▶ _TASK DATA_:
* * *

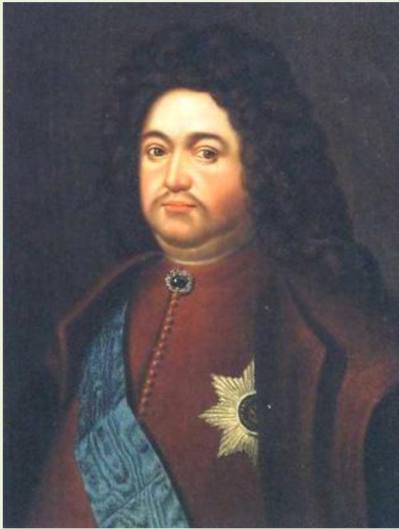
Головин Ф. А.

Руководителями посольства были назначены генерал-адмирал Ф. Я. Лефорт , руководитель Посольского приказа генерал Ф. А. Головин и думный дьяк П. Б. Возницын .
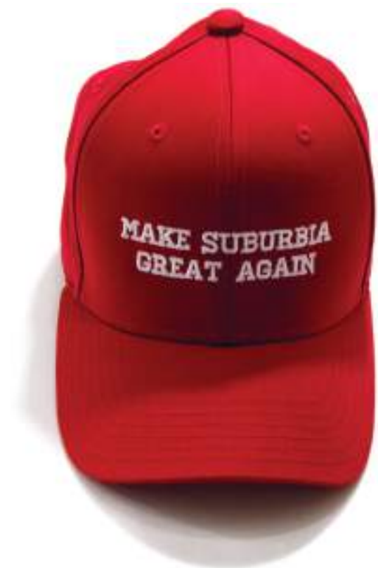
Make Suburbia great again , casquette brodée, édition de trois | 2019
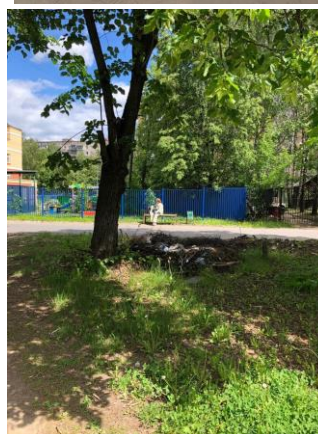
Территория около Кафе «Панорама», ул. Циолковского, д.6а и ДОУ №43 пр-д Циолковского, 6б
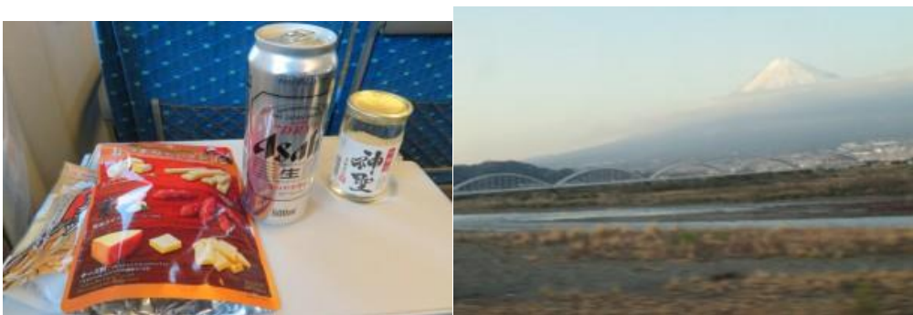
※新幹線で祝杯、富士川からの富士山

13 時 56 分発のきのさき 16 号からひかり 656 号に乗り継いで家路に向かう。今回の旅は天候には恵まれなかったが、当初の目標が達成でき充実した 4 日間であった。同時に、京都から鳥取までの山陰本線と綾部から敦賀までの舞鶴線・小浜線の踏破が微かに見えて来た旅でもあった。(完)
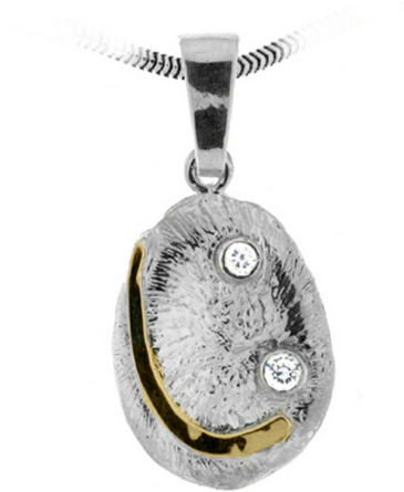
Silver and Gold Pendant $ 14,78
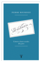
DISTINCION, LA. CRITERIO Y BASES SOCIALES DEL GUSTO BOURDIEU, PIERRE
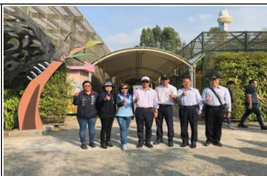
金獅湖蝴蝶園生態園區
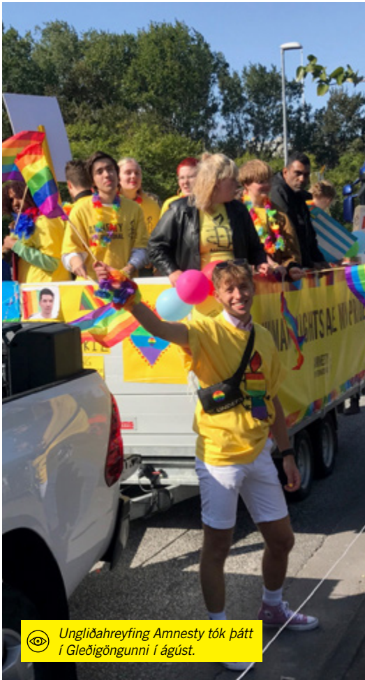
Ungliðahreyfing Amnesty tók þátt í Gleðigöngunni í ágúst.

* * *

▶ _DESCRIPTION OF THE TASK_: Go through the data, and copy each line in which the word "Головин" appears.

▶ _RESULT FOR THIS EXERCISE_:
Головин Ф. А.
Руководителями посольства были назначены генерал-адмирал Ф. Я. Лефорт , руководитель Посольского приказа генерал Ф. А. Головин и думный дьяк П. Б. Возницын .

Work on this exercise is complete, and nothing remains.